Four intelligence officials knowledgeable about the program agreed to
discuss it with The Sun only if granted anonymity because of the sensitive
nature of the subject.

The program the NSA rejected, called ThinThread, was developed to handle
greater volumes of information, partly in expectation of threats surrounding
the millennium celebrations. Sources say it bundled four cutting-edge
surveillance tools. ThinThread would have:

€ Used more-sophisticated methods of sorting through massive phone and
e-mail data to identify suspect communications.

€ Identified U.S. phone numbers and other communications data and encrypted
them to ensure caller privacy.

€ Employed an automated auditing system to monitor how analysts handled the
information, in order to prevent misuse and improve efficiency.

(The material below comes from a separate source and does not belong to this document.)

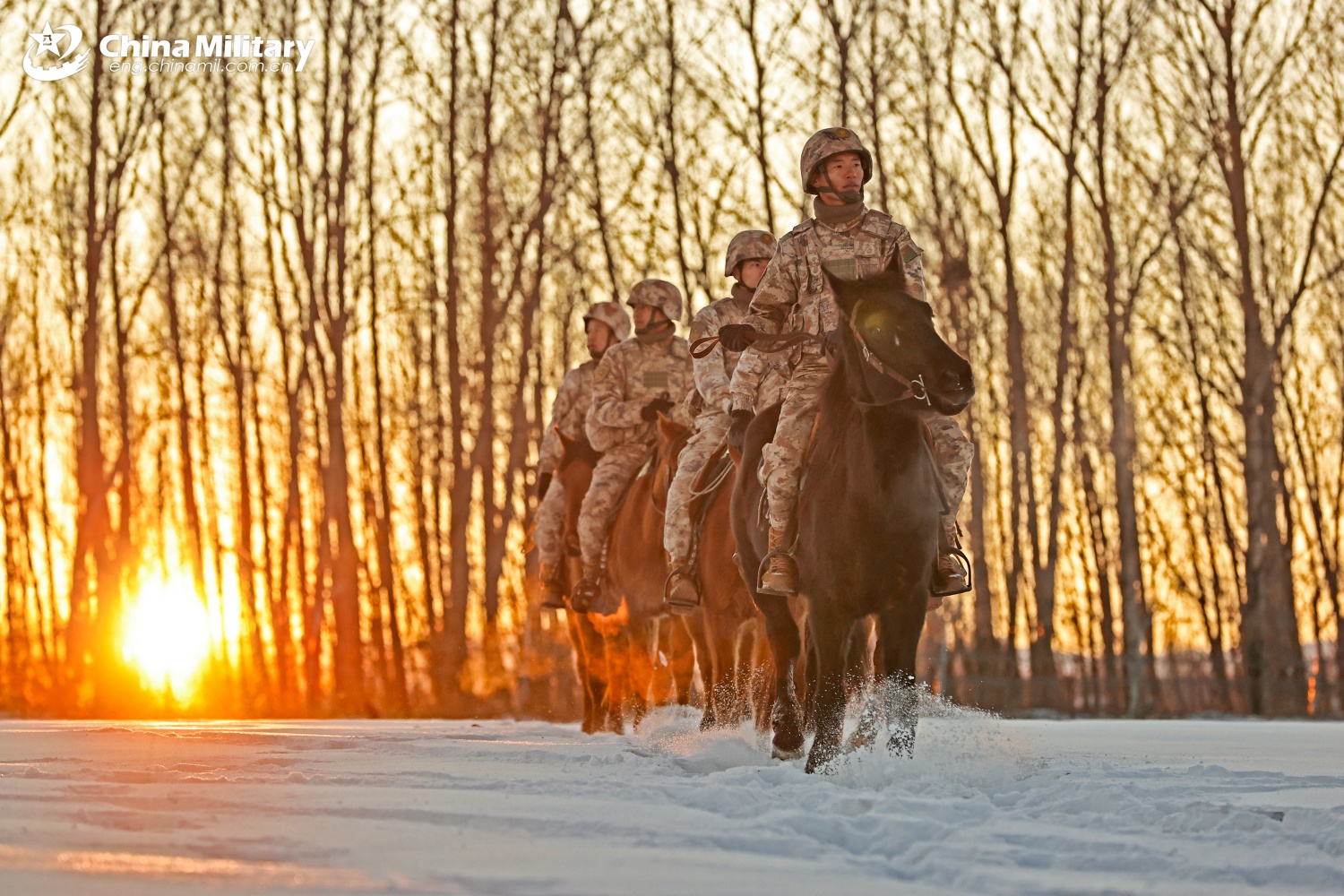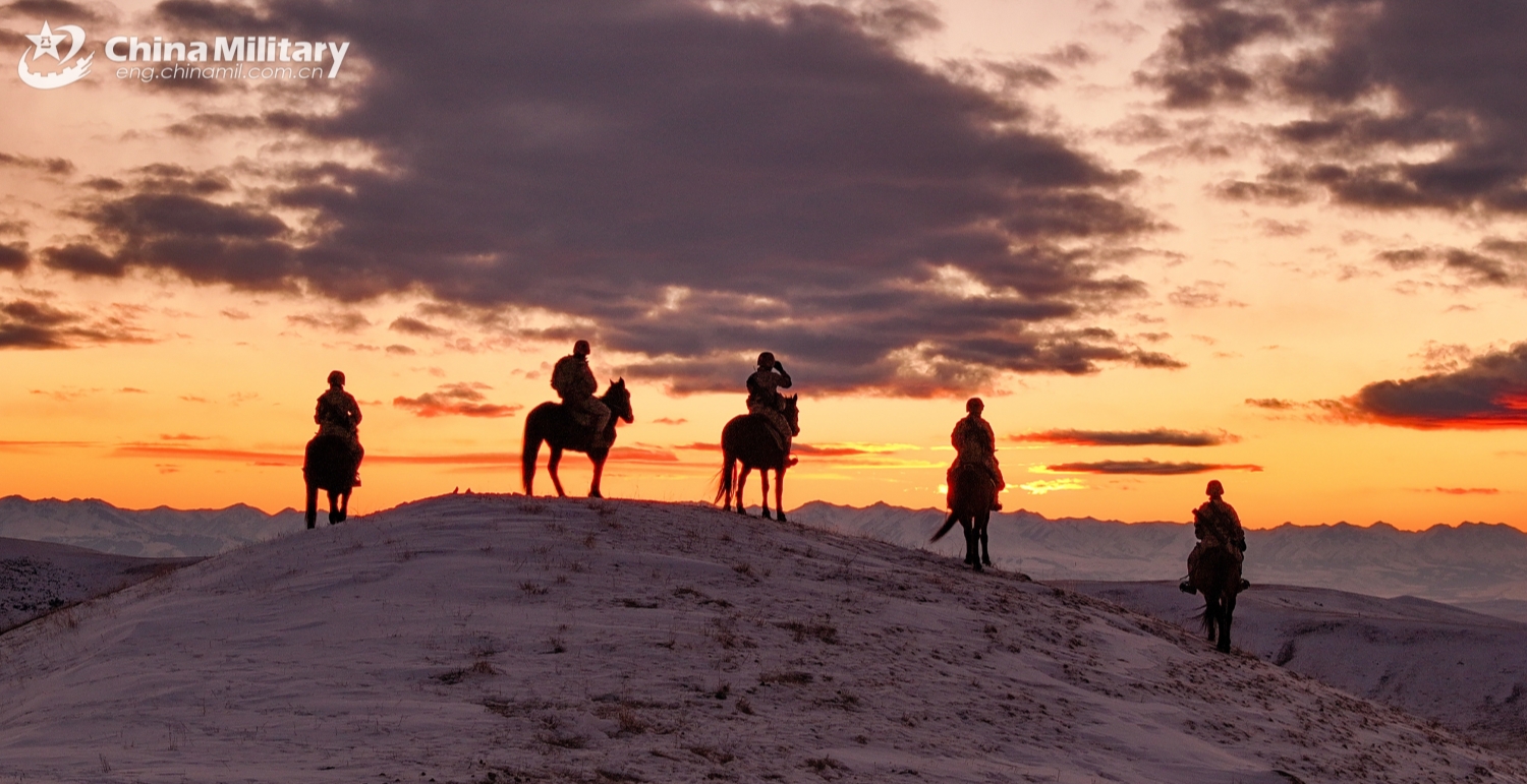 Soldiers assigned to the Songbai border defense company under the Chinese PLA Xinjiang Military Command patrol the snow-covered border on horseback at the northern foot of Tianshan Mountains on January 23, 2025. (eng.chinamil.com.cn/Photo by Ma Wenqing)

€ Analyzed the data to identify relationships between callers and chronicle
their contacts. Only when evidence of a potential threat had been developed
would analysts be able to request decryption of the records.

An agency spokesman declined to discuss NSA operations.

"Given the nature of the work we do, it would be irresponsible to discuss
actual or alleged operational issues as it would give those wishing to do
harm to the U.S. insight and potentially place Americans in danger," said
NSA spokesman Don Weber in a statement to The Sun. "However, it is important
to note that NSA takes its legal responsibilities very seriously and
operates within the law."

In what intelligence experts describe as rigorous testing of ThinThread in
1998, the project succeeded at each task with high marks. For example, its
ability to sort through huge amounts of data to find threat-related
communications far surpassed the existing system, sources said. It also was
able to rapidly separate and encrypt U.S.-related communications to ensure
privacy.

But the NSA, then headed by Air Force Gen. Michael V. Hayden, rejected both
of those tools, as well as the feature that monitored potential abuse of the
records. Only the data analysis facet of the program survived and became the
basis for the warrantless surveillance program.

The decision, which one official attributed to "turf protection and empire
building," has undermined the agency's ability to zero in on potential
threats, sources say. In the aftermath of revelations about the agency's
wide gathering of U.S. phone records, they add, ThinThread could have
provided a simple solution to privacy concerns.

A better system
A number of independent studies, including a classified 2004 report from the
Pentagon's inspector-general, in addition to the successful pilot tests,
found that the program provided "superior processing, filtering and
protection of U.S. citizens, and discovery of important and previously
unknown targets," said an intelligence official familiar with the program
who described the reports to The Sun. The Pentagon report concluded that
ThinThread's ability to sort through data in 2001 was far superior to that
of another NSA system in place in 2004, and that the program should be
launched and enhanced.

Hayden, the president's nominee to lead the CIA, is to appear today before
the Senate Select Committee on Intelligence and is expected to face tough
questioning about the warrantless surveillance program, the collection of
domestic phone records and other NSA programs.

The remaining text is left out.